As a professional fighter pilot who loves his airplane’s responsive handling and enthusiastic performance, Canin offered an interesting proviso about flying the Marchetti in simulated air combat. “In some respects, this airplane is almost too good at what it does. The high roll rate, tight turn radius and light stick forces make the Marchetti a good infighter for air combat flying. I could certainly see how two good pilots who really anted to win could get into trouble,” he says.
“Eventually it would be almost like a knife fight in a phone booth, with both pilots pulling harder and harder, trying to get in closer for a decisive laser ‘kill.’ Both pilots could run out of airspeed, control and ideas all at the same time and in very close proximity to each other.”

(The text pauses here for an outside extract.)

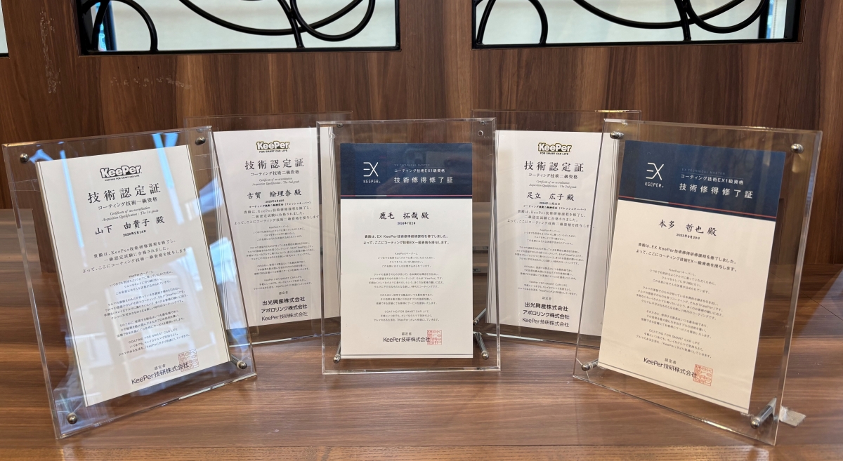 カーコーティングは、 技術のある資格者に任せることで安心に繋がります。 当店には、3名のコーティング1級資格者と2名の2級資格者が在籍。 いつでも技術資格者が対応致します。 ご安心して、お任せください! 施工したお車で掲載許可を頂いたものをフォトログにて掲載しておりますので、 ぜひそちらもご確認ください★ |

Overall, the Marchetti is a remarkably easy flying airplane, however, almost a mind reader, with no nasty aerodynamic surprises, though it’s not totally without vice. Canin demonstrated the only maneuver he knew of that could result in an out-of-control condition, a slow, bottom rudder top aileron back elevator skid and, sure enough, the airplane eventually snapped under the bottom. At more normal speeds, roll rate is an easy 90° /second and pitch sensitivity is very quick, faster than most pilots are used to. A five-G pull demands only about 30 pounds of pressure, so stick force per G is very low. Level stall characteristics are fairly conventional with plenty of aerodynamic warning and steep angle, full power departure stalls hold no surprises, with a slow, gentle roll back toward the high wing.
Hold the SF-260 in a level, power-off stall, even in the clean configuration, and be prepared for a hellacious sink rate. I saw the VSI roll around to 3000 fpm down, presumably at the airplane’s 61-knot stall speed. That’s a 45-degree glideslope. Imagine what the descent would be with gear and flaps full down. Energy management is critical in this airplane. The SF260 is either flying or falling, and its up to the pilot to decide which.
That makes the SF-260 a power-on airplane in the pattern. With gear and flaps retracted at 90 knots, the glide ratio is a theoretical eight to one, but with gear and flaps extended, glidepath is probably less than half that. Limit speeds are low. The first 20° of flaps can go out at 125 knots, the last 30° at 108 knots (that’s right-there are 50 degrees of flaps) and the gear can be thrown to the wind at 105 knots. Canin and partners like to fly the Marchetti like a twin, maintaining 95 knots around the patch with power, slowing to 90 knots across the fence. High approach speeds, the need for power to cushion the flare and the short gear legs don’t make the Marchetti easy to land and it’s certainly not a short-field airplane.
Considering the price of admission and the airplane’s useful load and seating limitations, its not likely the SF260 will be taking over the United States market any time soon. Air combat schools love its handling and performance, if not its price. The Marchetti is an airplane designed for a fairly narrow, specific mission and not every pilot will be able to use its considerable talents.
Personally, if I ever win a really big Super Lotto, the Marchetti SF-260 has just become the seventh airplane on my list for must-have flying machines.